[Start of section]

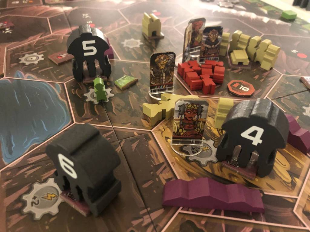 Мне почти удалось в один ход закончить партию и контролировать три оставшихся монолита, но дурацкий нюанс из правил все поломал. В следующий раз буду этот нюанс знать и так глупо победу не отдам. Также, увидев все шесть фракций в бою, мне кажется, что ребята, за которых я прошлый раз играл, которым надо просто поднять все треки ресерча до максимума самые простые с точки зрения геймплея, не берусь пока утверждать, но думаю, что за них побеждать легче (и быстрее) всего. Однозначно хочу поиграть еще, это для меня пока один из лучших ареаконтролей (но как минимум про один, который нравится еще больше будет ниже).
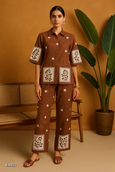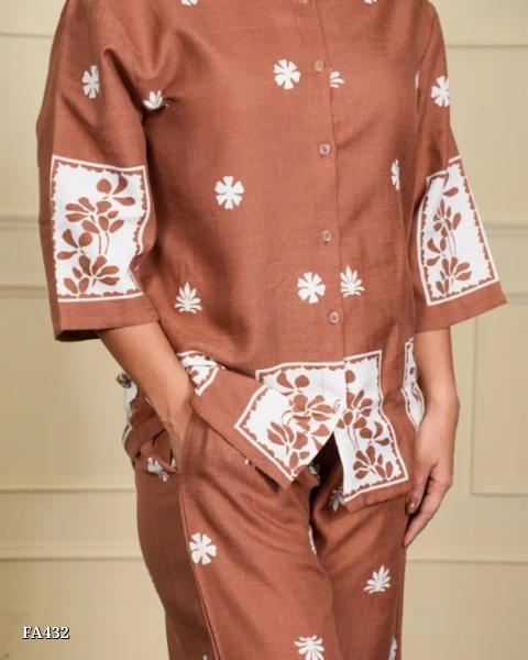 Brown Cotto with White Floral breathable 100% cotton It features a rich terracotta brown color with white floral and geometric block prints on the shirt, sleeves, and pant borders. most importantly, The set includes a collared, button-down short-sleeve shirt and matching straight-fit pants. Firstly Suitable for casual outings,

[End of section]
[Start of section]

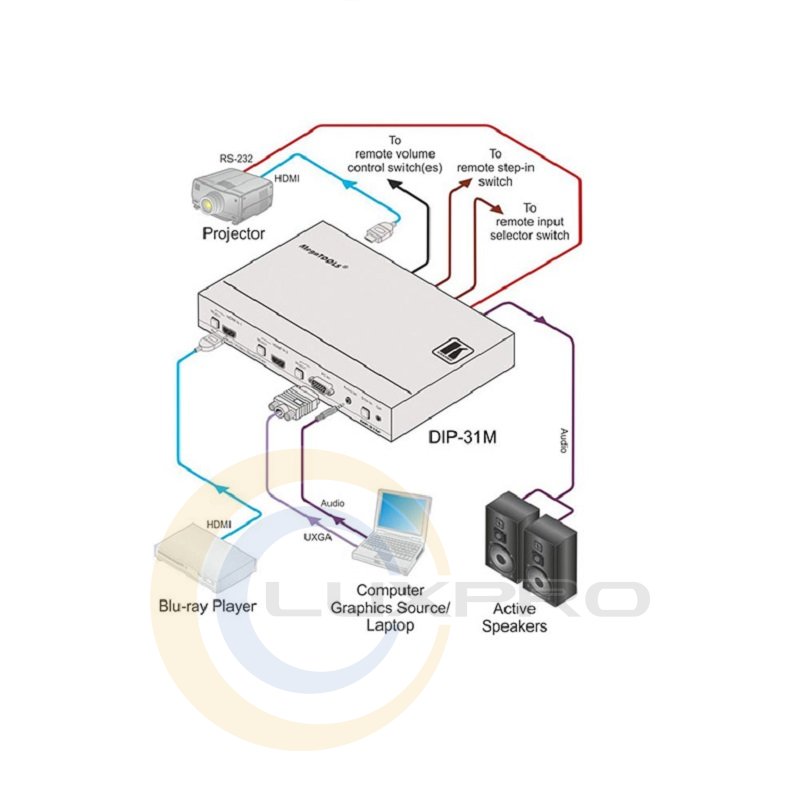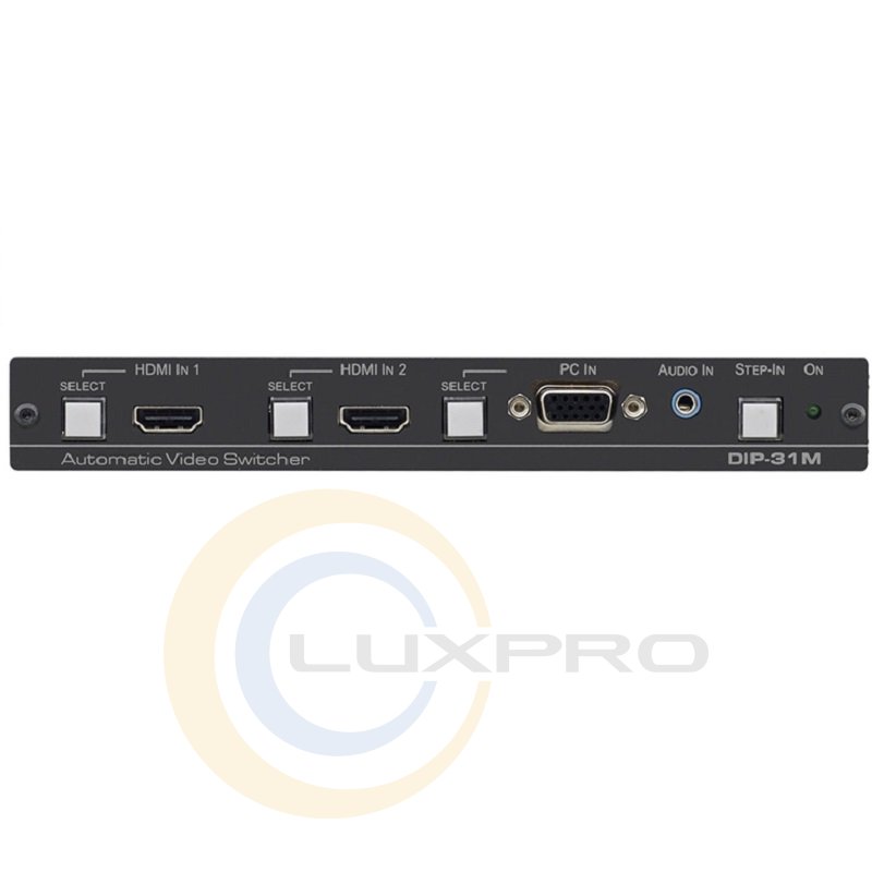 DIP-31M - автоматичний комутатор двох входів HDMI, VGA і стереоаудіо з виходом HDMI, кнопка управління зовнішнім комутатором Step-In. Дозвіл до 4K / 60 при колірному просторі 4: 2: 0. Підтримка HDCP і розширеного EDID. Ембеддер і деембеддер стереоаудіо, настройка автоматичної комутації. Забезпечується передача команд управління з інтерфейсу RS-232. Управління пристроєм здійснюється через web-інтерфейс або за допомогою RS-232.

[End of section]

Reproduce the data above exactly, but only from the line containing "Мне почти удалось" through the line containing "Brown Cotto with"; skip the pictures.

 Мне почти удалось в один ход закончить партию и контролировать три оставшихся монолита, но дурацкий нюанс из правил все поломал. В следующий раз буду этот нюанс знать и так глупо победу не отдам. Также, увидев все шесть фракций в бою, мне кажется, что ребята, за которых я прошлый раз играл, которым надо просто поднять все треки ресерча до максимума самые простые с точки зрения геймплея, не берусь пока утверждать, но думаю, что за них побеждать легче (и быстрее) всего. Однозначно хочу поиграть еще, это для меня пока один из лучших ареаконтролей (но как минимум про один, который нравится еще больше будет ниже).
 Brown Cotto with White Floral breathable 100% cotton It features a rich terracotta brown color with white floral and geometric block prints on the shirt, sleeves, and pant borders. most importantly, The set includes a collared, button-down short-sleeve shirt and matching straight-fit pants. Firstly Suitable for casual outings,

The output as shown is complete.